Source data

■ ■ ■ ■

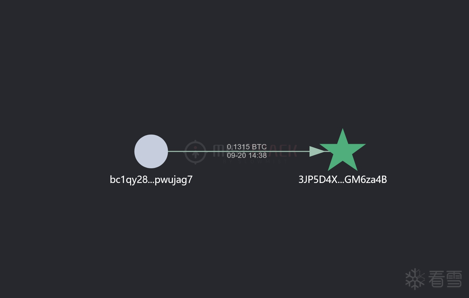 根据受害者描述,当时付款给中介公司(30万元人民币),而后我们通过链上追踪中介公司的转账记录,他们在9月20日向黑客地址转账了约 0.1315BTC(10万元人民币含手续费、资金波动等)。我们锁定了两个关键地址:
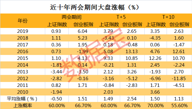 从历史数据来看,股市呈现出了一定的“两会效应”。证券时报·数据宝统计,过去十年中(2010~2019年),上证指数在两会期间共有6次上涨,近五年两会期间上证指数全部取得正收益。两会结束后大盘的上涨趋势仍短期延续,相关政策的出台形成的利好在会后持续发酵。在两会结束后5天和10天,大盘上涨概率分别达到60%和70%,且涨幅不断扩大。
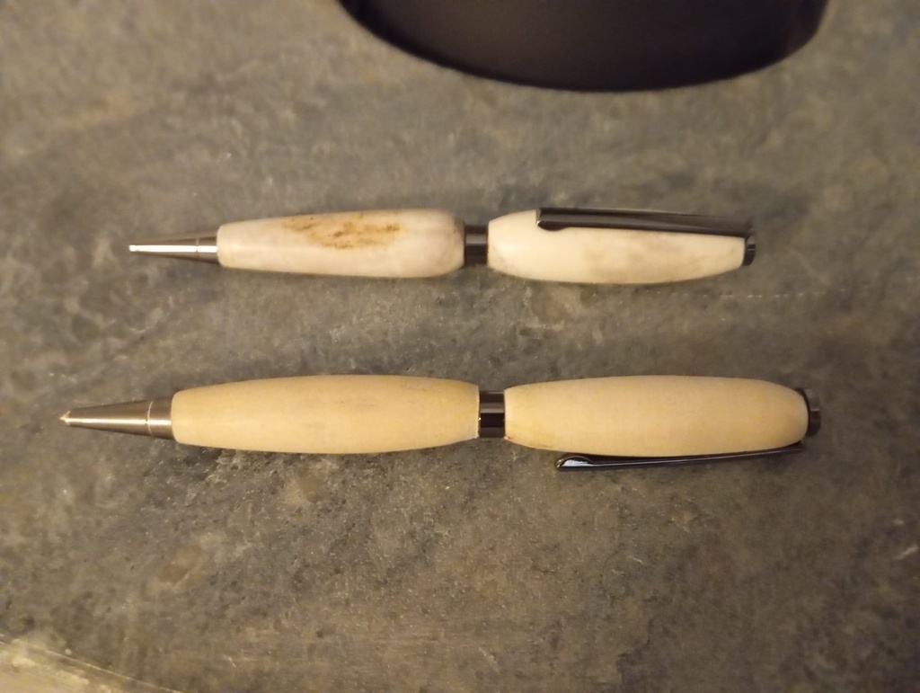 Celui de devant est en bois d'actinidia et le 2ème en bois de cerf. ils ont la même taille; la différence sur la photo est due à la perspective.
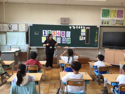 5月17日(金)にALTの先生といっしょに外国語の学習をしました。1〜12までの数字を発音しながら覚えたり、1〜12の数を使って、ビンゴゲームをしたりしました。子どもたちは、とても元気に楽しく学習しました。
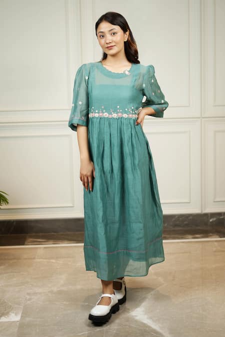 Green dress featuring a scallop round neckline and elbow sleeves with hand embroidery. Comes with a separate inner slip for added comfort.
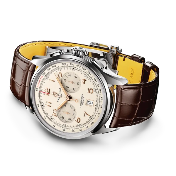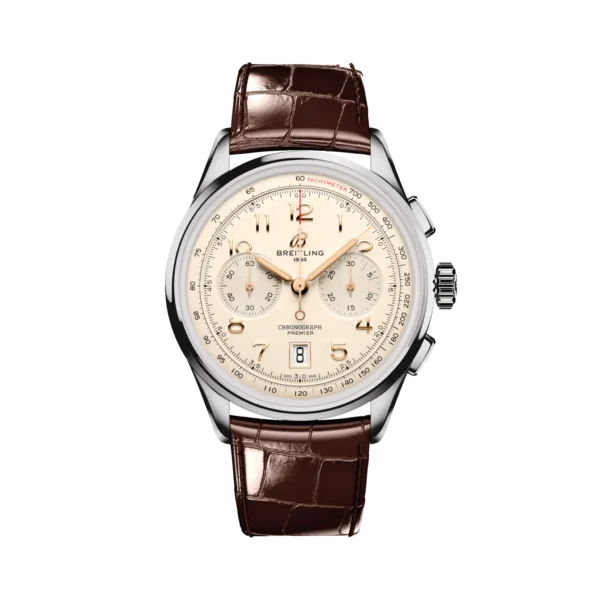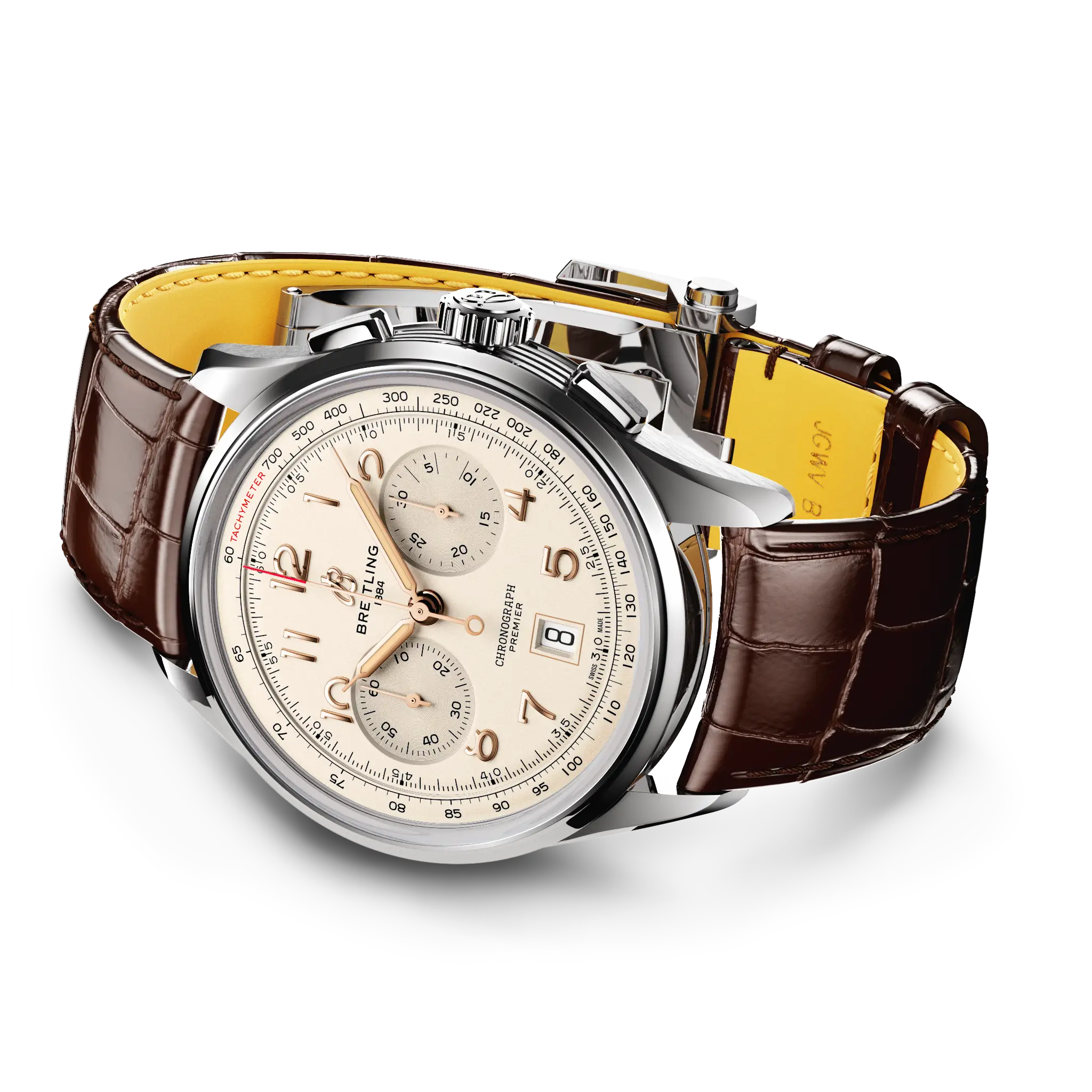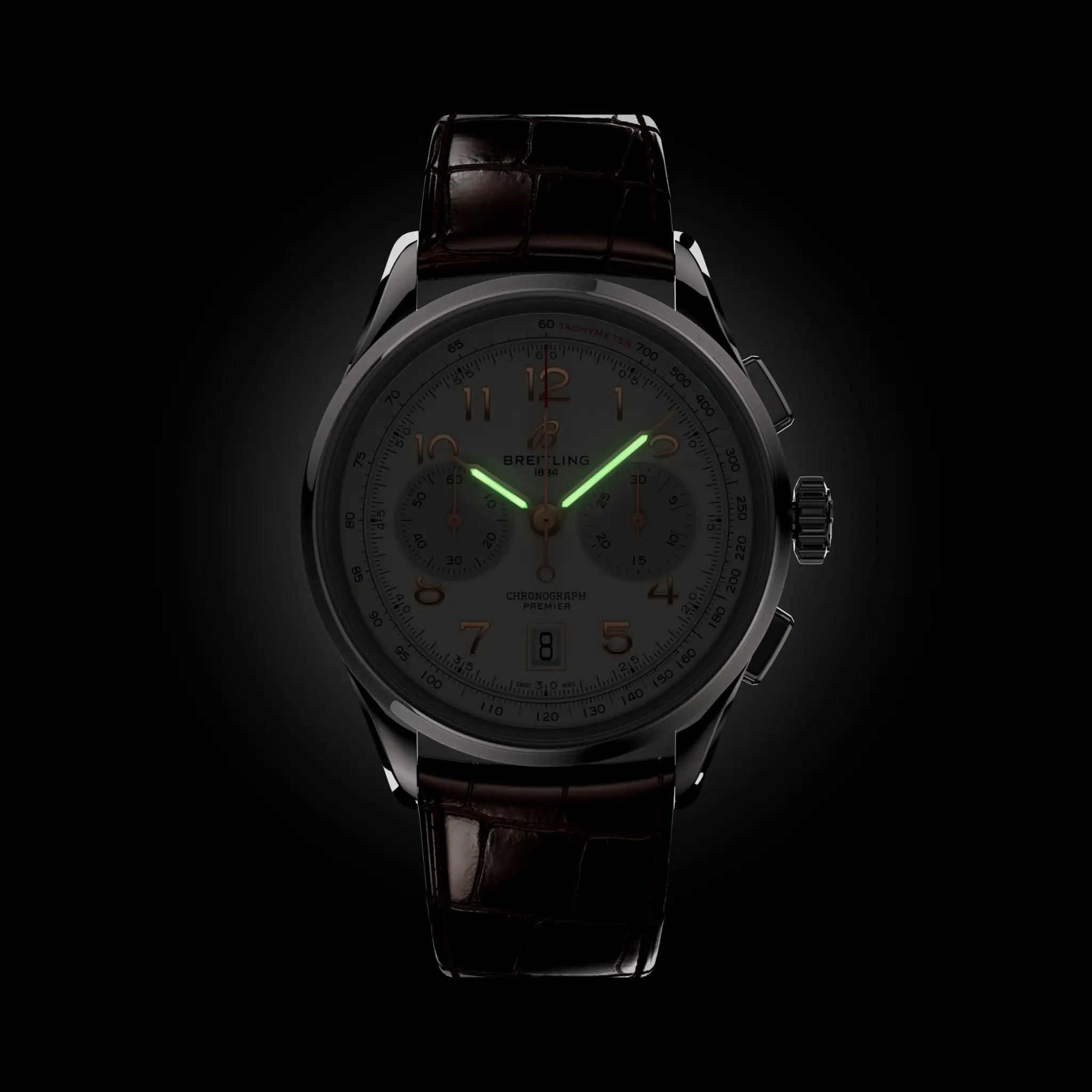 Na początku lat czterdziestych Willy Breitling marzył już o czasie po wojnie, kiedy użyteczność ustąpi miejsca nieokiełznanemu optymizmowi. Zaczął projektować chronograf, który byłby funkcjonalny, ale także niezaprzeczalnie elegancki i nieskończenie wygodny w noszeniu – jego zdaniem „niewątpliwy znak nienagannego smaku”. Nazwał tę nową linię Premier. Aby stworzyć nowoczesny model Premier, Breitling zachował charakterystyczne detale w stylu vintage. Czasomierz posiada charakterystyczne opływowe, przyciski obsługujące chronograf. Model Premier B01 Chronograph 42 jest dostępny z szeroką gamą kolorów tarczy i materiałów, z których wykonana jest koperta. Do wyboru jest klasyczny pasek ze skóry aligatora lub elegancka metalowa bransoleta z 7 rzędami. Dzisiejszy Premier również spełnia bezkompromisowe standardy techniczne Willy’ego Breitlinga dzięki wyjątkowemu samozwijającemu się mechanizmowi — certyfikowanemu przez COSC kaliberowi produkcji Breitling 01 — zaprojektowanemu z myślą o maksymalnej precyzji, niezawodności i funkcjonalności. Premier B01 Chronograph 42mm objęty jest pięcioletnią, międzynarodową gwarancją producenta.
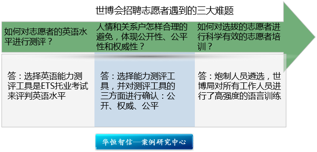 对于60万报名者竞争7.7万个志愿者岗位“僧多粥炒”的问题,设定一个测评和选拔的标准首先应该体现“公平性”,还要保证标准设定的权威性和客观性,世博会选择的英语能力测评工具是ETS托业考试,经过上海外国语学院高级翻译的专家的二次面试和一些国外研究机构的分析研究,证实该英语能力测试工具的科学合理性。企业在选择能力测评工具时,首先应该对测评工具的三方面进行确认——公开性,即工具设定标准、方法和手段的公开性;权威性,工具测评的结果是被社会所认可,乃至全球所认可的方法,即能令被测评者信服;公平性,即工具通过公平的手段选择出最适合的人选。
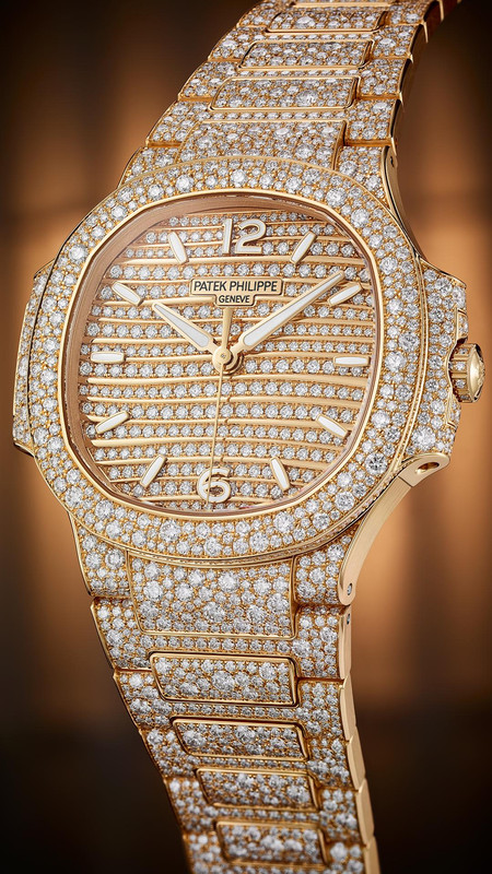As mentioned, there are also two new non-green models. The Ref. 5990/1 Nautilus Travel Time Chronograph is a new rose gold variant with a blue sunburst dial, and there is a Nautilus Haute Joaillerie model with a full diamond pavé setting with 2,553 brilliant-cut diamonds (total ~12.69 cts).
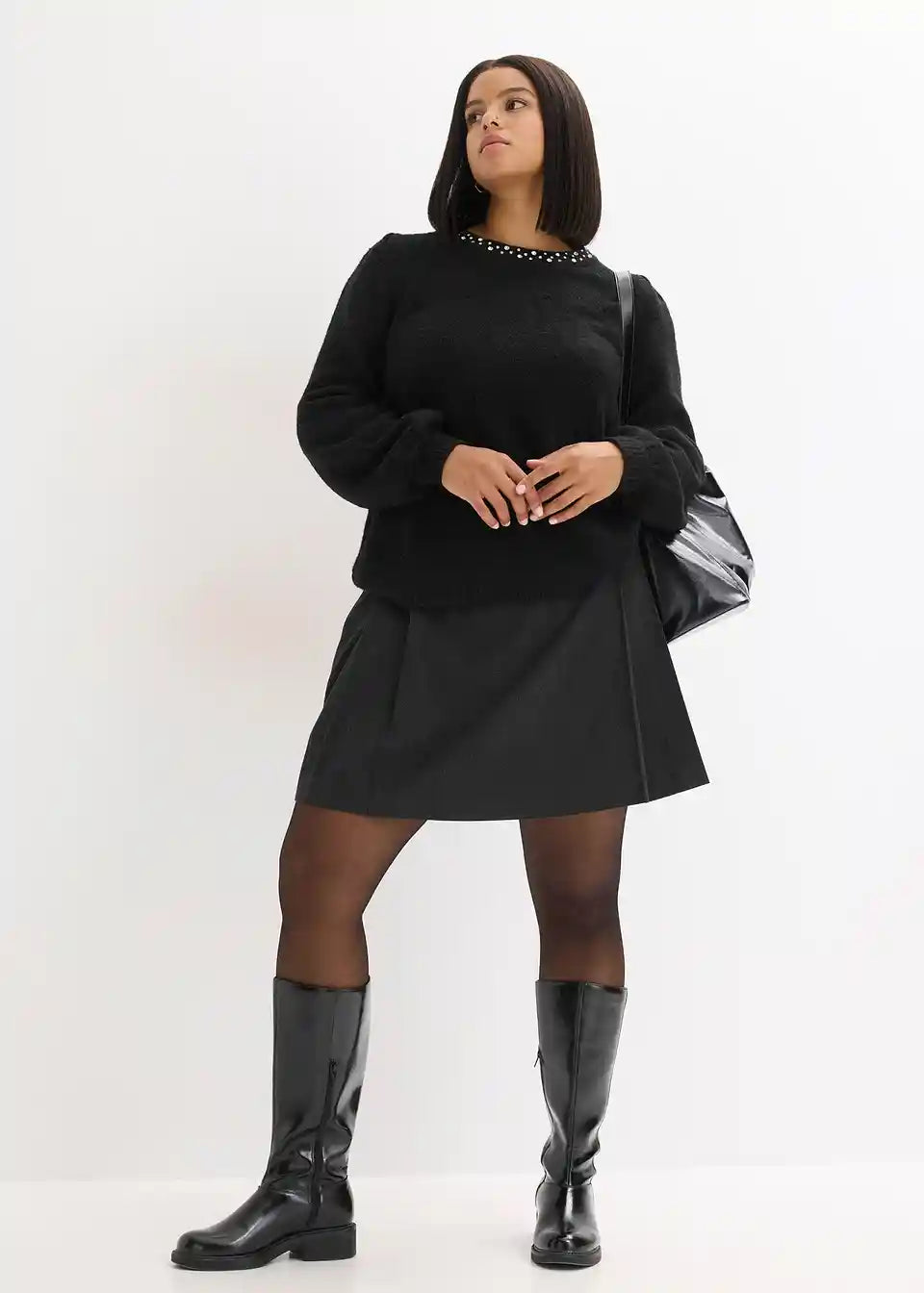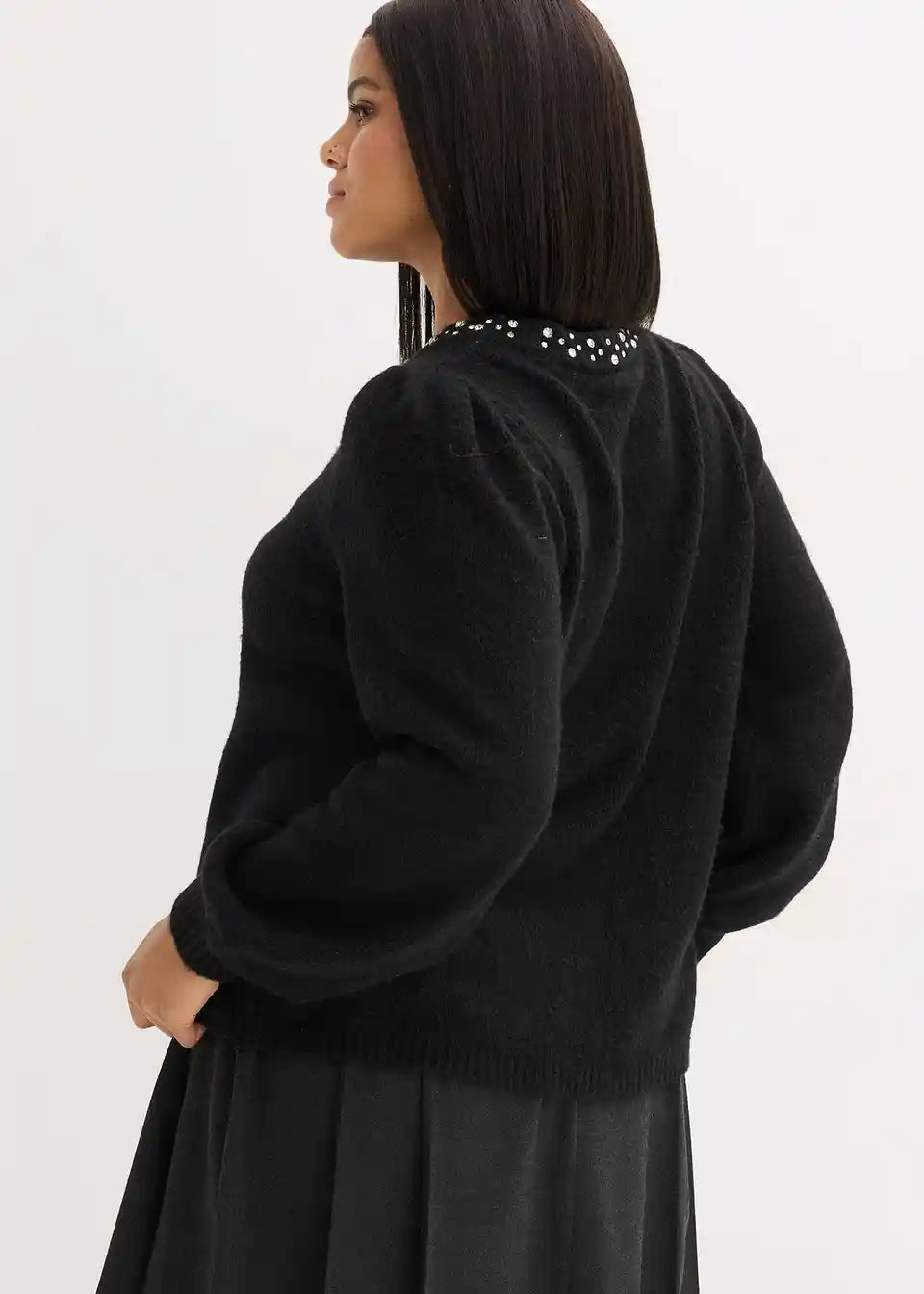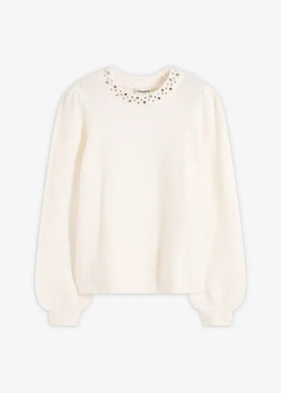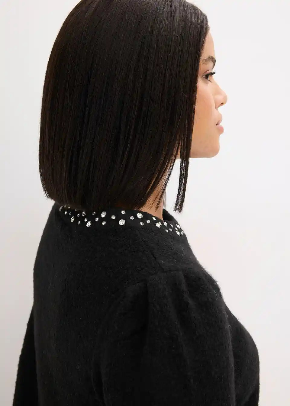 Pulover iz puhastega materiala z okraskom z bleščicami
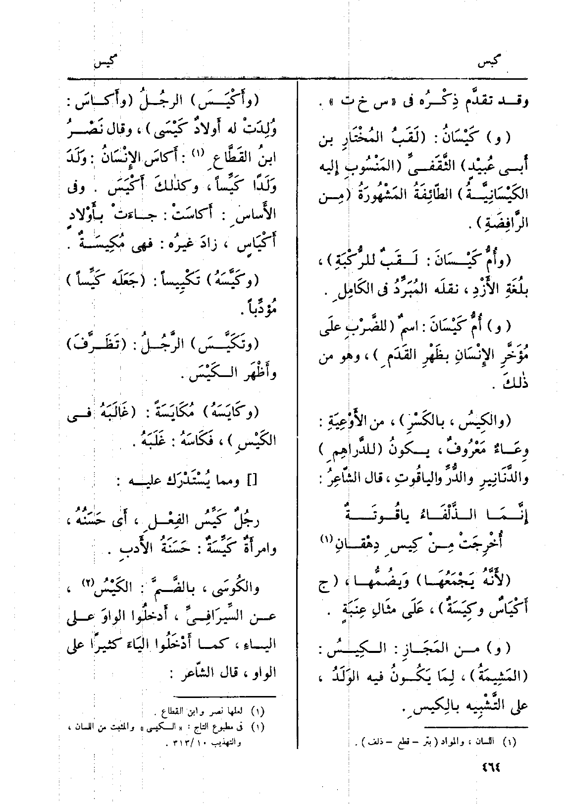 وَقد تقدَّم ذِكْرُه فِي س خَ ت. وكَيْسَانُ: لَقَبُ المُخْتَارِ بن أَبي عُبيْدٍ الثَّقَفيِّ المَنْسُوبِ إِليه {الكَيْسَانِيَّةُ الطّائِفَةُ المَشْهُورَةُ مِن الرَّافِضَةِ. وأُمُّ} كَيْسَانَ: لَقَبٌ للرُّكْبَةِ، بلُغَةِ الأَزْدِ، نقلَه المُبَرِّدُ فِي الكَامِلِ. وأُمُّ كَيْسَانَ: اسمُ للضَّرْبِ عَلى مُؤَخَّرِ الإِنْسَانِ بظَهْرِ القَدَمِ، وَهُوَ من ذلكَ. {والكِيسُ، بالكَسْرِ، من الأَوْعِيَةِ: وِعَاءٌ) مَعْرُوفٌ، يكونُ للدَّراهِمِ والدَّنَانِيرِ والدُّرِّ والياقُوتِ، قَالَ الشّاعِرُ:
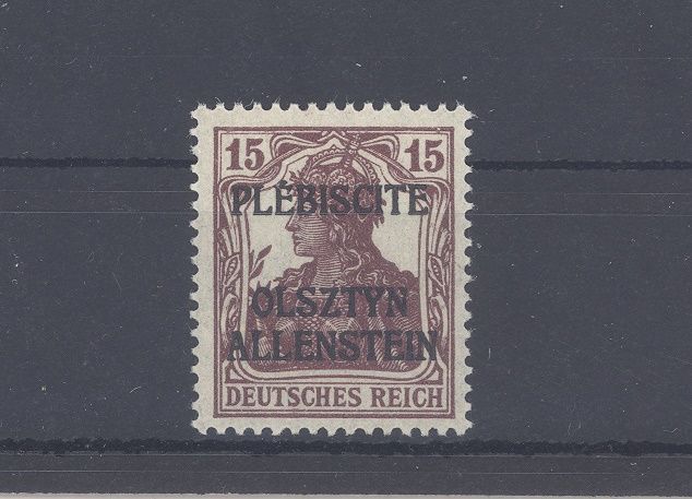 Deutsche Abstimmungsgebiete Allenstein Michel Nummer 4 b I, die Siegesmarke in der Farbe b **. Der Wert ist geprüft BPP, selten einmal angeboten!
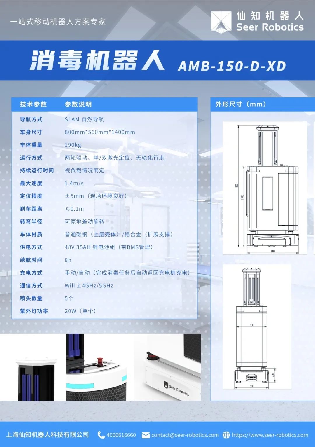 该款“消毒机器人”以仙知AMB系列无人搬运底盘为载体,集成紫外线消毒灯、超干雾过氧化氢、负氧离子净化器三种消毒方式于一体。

■ ■ ■ ■

Repeat the lines exactly as they stand, from the opening line of the data through the line with "对于60万报名者竞争7.7万". Pictures stay out of the copy.

 根据受害者描述,当时付款给中介公司(30万元人民币),而后我们通过链上追踪中介公司的转账记录,他们在9月20日向黑客地址转账了约 0.1315BTC(10万元人民币含手续费、资金波动等)。我们锁定了两个关键地址:
 从历史数据来看,股市呈现出了一定的“两会效应”。证券时报·数据宝统计,过去十年中(2010~2019年),上证指数在两会期间共有6次上涨,近五年两会期间上证指数全部取得正收益。两会结束后大盘的上涨趋势仍短期延续,相关政策的出台形成的利好在会后持续发酵。在两会结束后5天和10天,大盘上涨概率分别达到60%和70%,且涨幅不断扩大。
 Celui de devant est en bois d'actinidia et le 2ème en bois de cerf. ils ont la même taille; la différence sur la photo est due à la perspective.
 5月17日(金)にALTの先生といっしょに外国語の学習をしました。1〜12までの数字を発音しながら覚えたり、1〜12の数を使って、ビンゴゲームをしたりしました。子どもたちは、とても元気に楽しく学習しました。
 Green dress featuring a scallop round neckline and elbow sleeves with hand embroidery. Comes with a separate inner slip for added comfort.
 Na początku lat czterdziestych Willy Breitling marzył już o czasie po wojnie, kiedy użyteczność ustąpi miejsca nieokiełznanemu optymizmowi. Zaczął projektować chronograf, który byłby funkcjonalny, ale także niezaprzeczalnie elegancki i nieskończenie wygodny w noszeniu – jego zdaniem „niewątpliwy znak nienagannego smaku”. Nazwał tę nową linię Premier. Aby stworzyć nowoczesny model Premier, Breitling zachował charakterystyczne detale w stylu vintage. Czasomierz posiada charakterystyczne opływowe, przyciski obsługujące chronograf. Model Premier B01 Chronograph 42 jest dostępny z szeroką gamą kolorów tarczy i materiałów, z których wykonana jest koperta. Do wyboru jest klasyczny pasek ze skóry aligatora lub elegancka metalowa bransoleta z 7 rzędami. Dzisiejszy Premier również spełnia bezkompromisowe standardy techniczne Willy’ego Breitlinga dzięki wyjątkowemu samozwijającemu się mechanizmowi — certyfikowanemu przez COSC kaliberowi produkcji Breitling 01 — zaprojektowanemu z myślą o maksymalnej precyzji, niezawodności i funkcjonalności. Premier B01 Chronograph 42mm objęty jest pięcioletnią, międzynarodową gwarancją producenta.
 对于60万报名者竞争7.7万个志愿者岗位“僧多粥炒”的问题,设定一个测评和选拔的标准首先应该体现“公平性”,还要保证标准设定的权威性和客观性,世博会选择的英语能力测评工具是ETS托业考试,经过上海外国语学院高级翻译的专家的二次面试和一些国外研究机构的分析研究,证实该英语能力测试工具的科学合理性。企业在选择能力测评工具时,首先应该对测评工具的三方面进行确认——公开性,即工具设定标准、方法和手段的公开性;权威性,工具测评的结果是被社会所认可,乃至全球所认可的方法,即能令被测评者信服;公平性,即工具通过公平的手段选择出最适合的人选。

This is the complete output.